Hello everyone O/
Recently I wrote about how to obtain data by using and calling APIs with Python.
This week I will build upon the data that I was able to access and retrieve using the RO mobile Exchange API.
I will explain how I am using Pandas step by step throughout the Extract Transform Load (ETL) process.
You will be able to:
- Explain what ETL is
- Perform the ETL process using Pandas
But first what is ETL?!
Extract Transform Load as I understand is the process whereby some data is obtained, (extracted) cleaned, wrangled (transformed), and placed into a user-friendly data structure like a data frame (loaded).
Often you may not know that much about the data you are working with. ETL is an essential first step to gaining insight into your data. It is common to begin by understanding the features in your data and recognising outliers/missing values/duplicates.
It may be very useful with some data especially of user-level data, to perform groupby’s and aggregate functions to explore common demographic features such as location and gender, etc.
ETL can be used to explore your data in all of the above capacities so that you are ready to make progress on the Exploratory data analysis.
Let's look at some examples of ETL in action.
The data requested via the API won’t necessarily have come in a format I am used to. Let’s have a look.
Looks like its a list of dictionaries. It is difficult to read this. We can clean this up using JSON.
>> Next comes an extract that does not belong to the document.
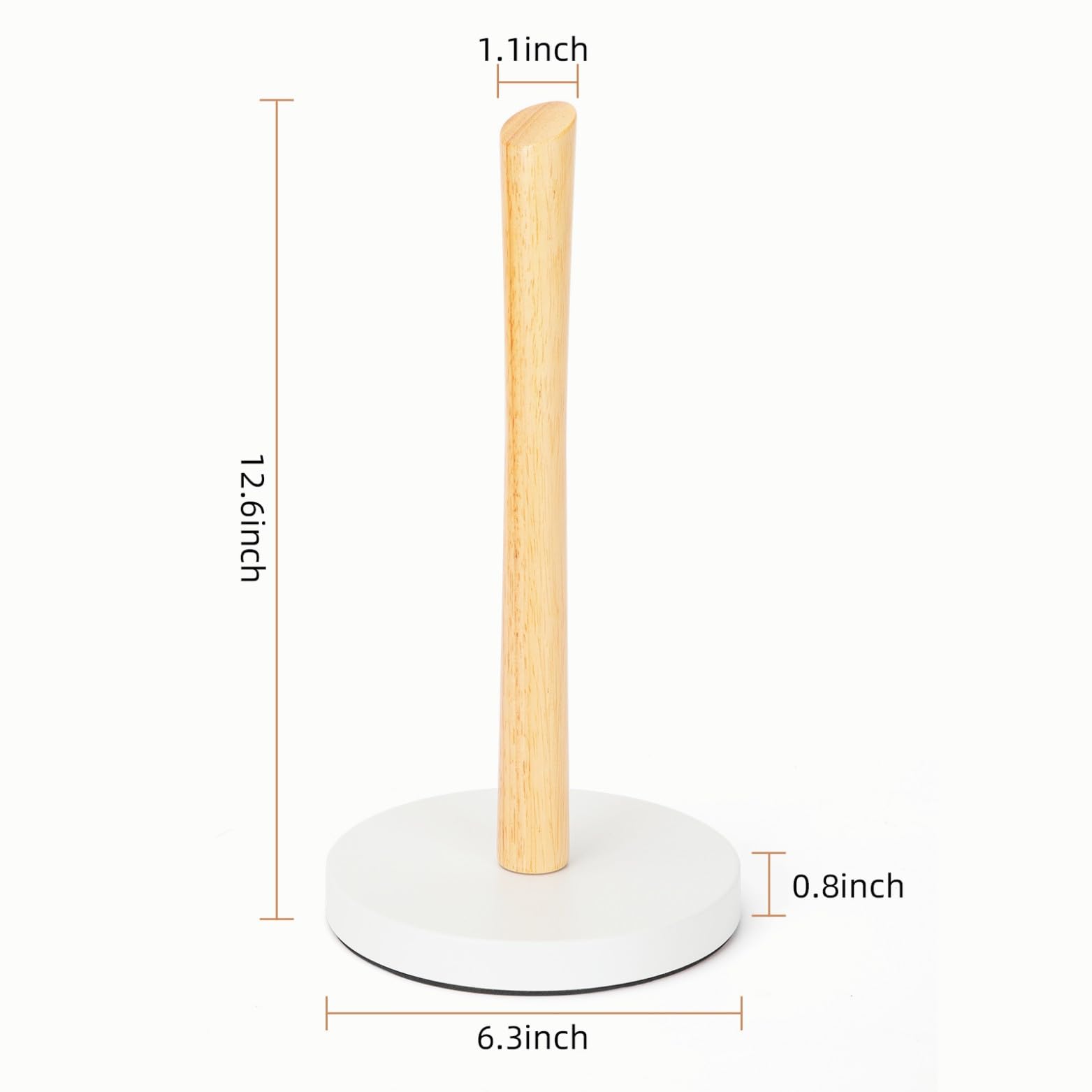 - Material - Our paper towel holder features a minimalist design with a wooden handle and a durable carbon steel base. This combination not only enhances stability but also adds a touch of natural beauty to your space. Its design suits paper towel rolls of any brand and size.
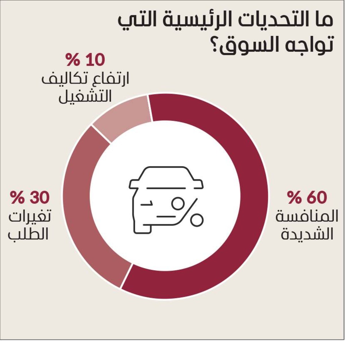 وفيما يخص التحديات الرئيسية التي تواجه السوق، رأى 60% إنها تتلخص في المنافسة الشديدة، فيما أرجعها 30% إلى تغيرات الطلب، و10% إلى ارتفاع تكاليف التشغيل.

Java Script Object Notation
An open standard file format, and data interchange format, that uses human-readable text to store and transmit data objects consisting of attribute–value pairs and array data types. Wikipedia
Below is a JSON decoder which is inbuilt into the Python request library. It will allow us to observe the request payload (the returned data ) in a more visually pleasing way.
In other words, the below code is telling the JSON decoder to JSONify the data.
j = r.json()
We can see the j object remains a list when we ask its type…now
so let’s inspect j…
Now we’re looking to extract this data into a Pandas Dataframe? but it won’t be so easy. First, we have to navigate and correctly index the nested dictionaries and lists. As we can see above it begins as a list. Let’s see the first item in the list by indexing with :
Using the correct indexing we can ask pandas to create a data frame from the dictionary we want inside this list:
How does it look?
Will there be any missing values? how is the time column formatted?
Making the time column a pandas date-time format:
We could also check for duplicates but its price data so there may be duplicates and that is fine.
Here is a simple pandas groupby() method with an aggregate mean function to obtain insight into the average price between servers:
We have Extracted and transformed the data in some ways but now we come to the load aspect of ETL. We can load the new data and any further transformations we make into a target database or data warehouse.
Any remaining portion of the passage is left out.